Speaking on the NBC TV progam, "Meet the Press," Leavitt said the U.S. doesn't have the manufacturing capacity to make and distribute the 300 million doses of a vaccine to protect the country's population, and it won't have that capacity for three to five years.

The issue of a major fatal flu outbreak has been heightened because incidents of avian flu killing 67 people in Asian countries in the past year have caused health officials to become concerned. So far, however, there have been no reports of the bird flu being transmitted from person to person.

"What we all learned from (Hurricane) Katrina is sometimes we have to think clearly about the unthinkable," the Associated Press quotes Leavitt as saying. "We're probably closer to a pandemic at any time in the last 37 years. We're not as prepared as we need to be."

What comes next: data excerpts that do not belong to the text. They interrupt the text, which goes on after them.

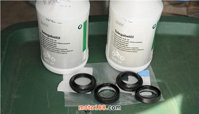 物料準(zhǔn)備:減震油一邊450ml,新的防塵蓋和油封: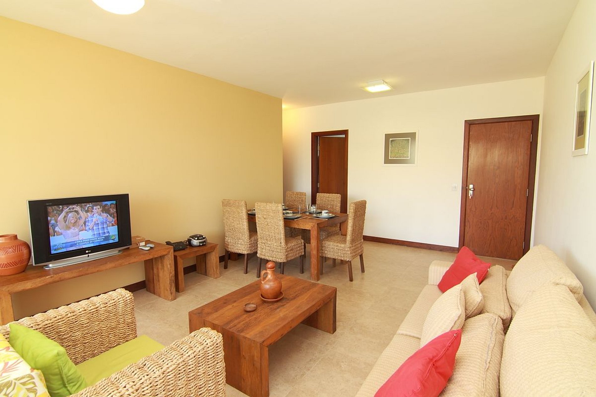 Apartamento de alto padrão com 118 m2 com 3 suítes duplas equipadas com ar condicionado + dependência de empregada, sala de estar e de jantar, lavabo e varanda. TV a cabo + rádio CD. Cozinha 100% equipada com lavadoura de roupa, fogão, geladeira e microondas. Roupas de cama, mesa e banho. O apartamento é decorado com muito estilo e bom gosto, todo equipado e comporta confortavelmente até 6 pessoas.
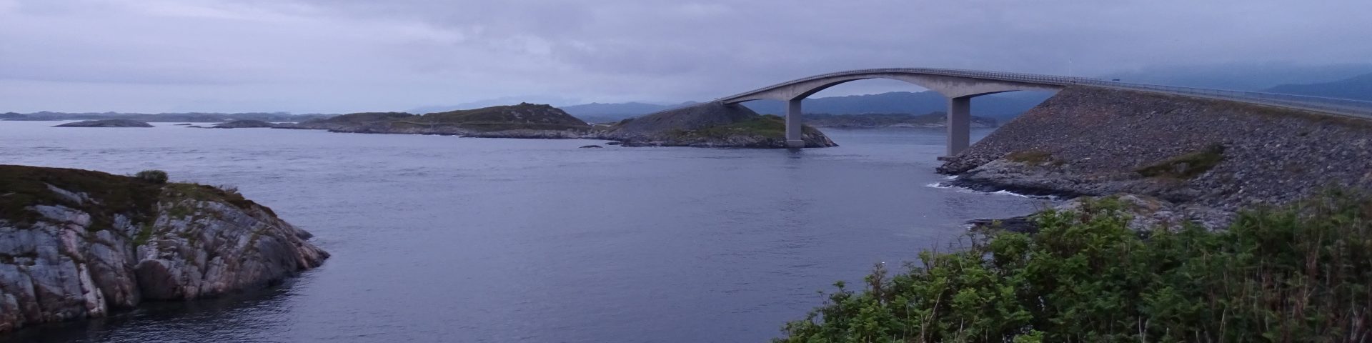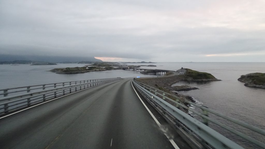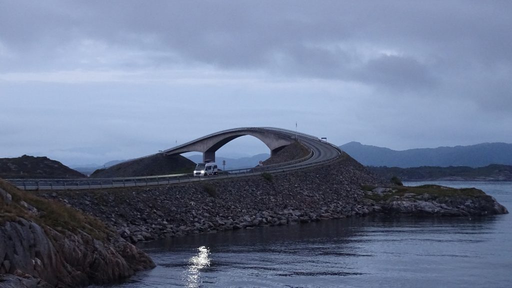 Von Trondheim zieht es uns weiter auf der E39 nochmal Richtung Küste. In Hennset nehmen wir die Fähre nach Vågosen und von da die 682 und 680 nach Kristiansund. Dort angekommen biegen wir ab zur berühmten Atlantikstraße (Atlanterhavsveien), die wir in der Abenddämmerung erreichen.

While scientists can't predict what type of virus the avian flu could mutate into so that it would cause a pandemic, the wire service says The U.S. has only enough doses for 4.3 million people. And says the A.P., President Bush has proposed stockpiling enough of the anti-flu drugs Tamiflu and Relenza for 81 million people. There is some evidence that these drugs might be effective against a bird flu virus.